In Britain cod or haddock has been the fish of choice when making a good fish and chip, but New Zealanders tend to use shark, hoki, and tarakihi because these varieties are plentiful off of coastal waters and are dense enough to stand up to the deep frying well. Traditionally lard was used for frying both the fish and chips but these days more and more professional kitchens use vegetable oils with a very high smoke point, such as peanut oil. The chips are always cut thick and seasoned with salt as soon as they come out of the fryer.

The most talked about and hotly debated aspect of making a proper fish and chip plate seems to be the batter the fish is fried in. Purists insist that the batter should just be a bit of flour and water, with the addition of vinegar and baking soda, which act as agents creating bubbles in the batter which supposedly leads to a lighter and crispier piece of fish. More modern recipes use beer instead of water, and proponents of adding beer to the batter claim that the carbon dioxide adds to the lightness and crispiness when frying, as well as enhancing the color of the finished product.

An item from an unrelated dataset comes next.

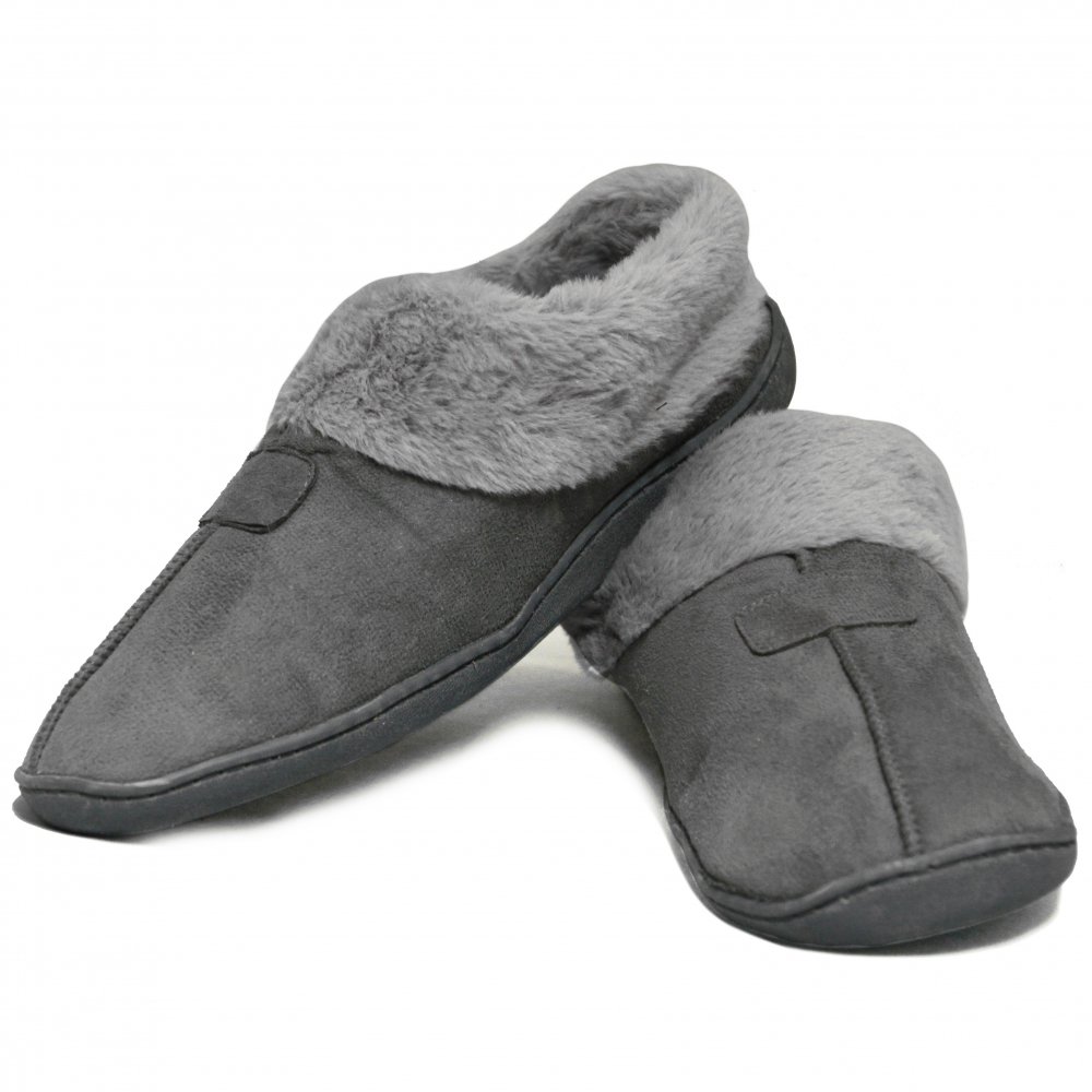 Innetofflor i mocka- och pälsimitation för dam med varmt innerfoder med bred pälskant.

There are so many great restaurants to get fish and chips at across the country, that it is hard to pick just one place. Seafood Plus in Miramar is a place I recently discovered and their fish and chips are spot on. The fish here is perfectly crisp on the outside and moist on the inside. Both the hand-cut chips and fish are perfectly seasoned and the portion size is large. This place is quite unique because it offers a very extensive menu which combines seafood, Chinese, and hamburgers. Although I almost always get the fish and chips when I come here, I have also tried their roast pork bun and genuine paua fritter and both were very well prepared. Seafood Plus does not do delivery, but luckily they offer pick-up if you are in a rush.

Fish and chips are a classic flavor combination just like ham and eggs or beer and nuts. This dish is simple and convenient when on the go. Every place has a slightly different take on it, and every region of the world uses various species of fish depending on seasonality and availability. Here in New Zealand we are fortunate that we have so much variety and abundance in our waters, which inevitably leads to a wonderful plate of fish and chips.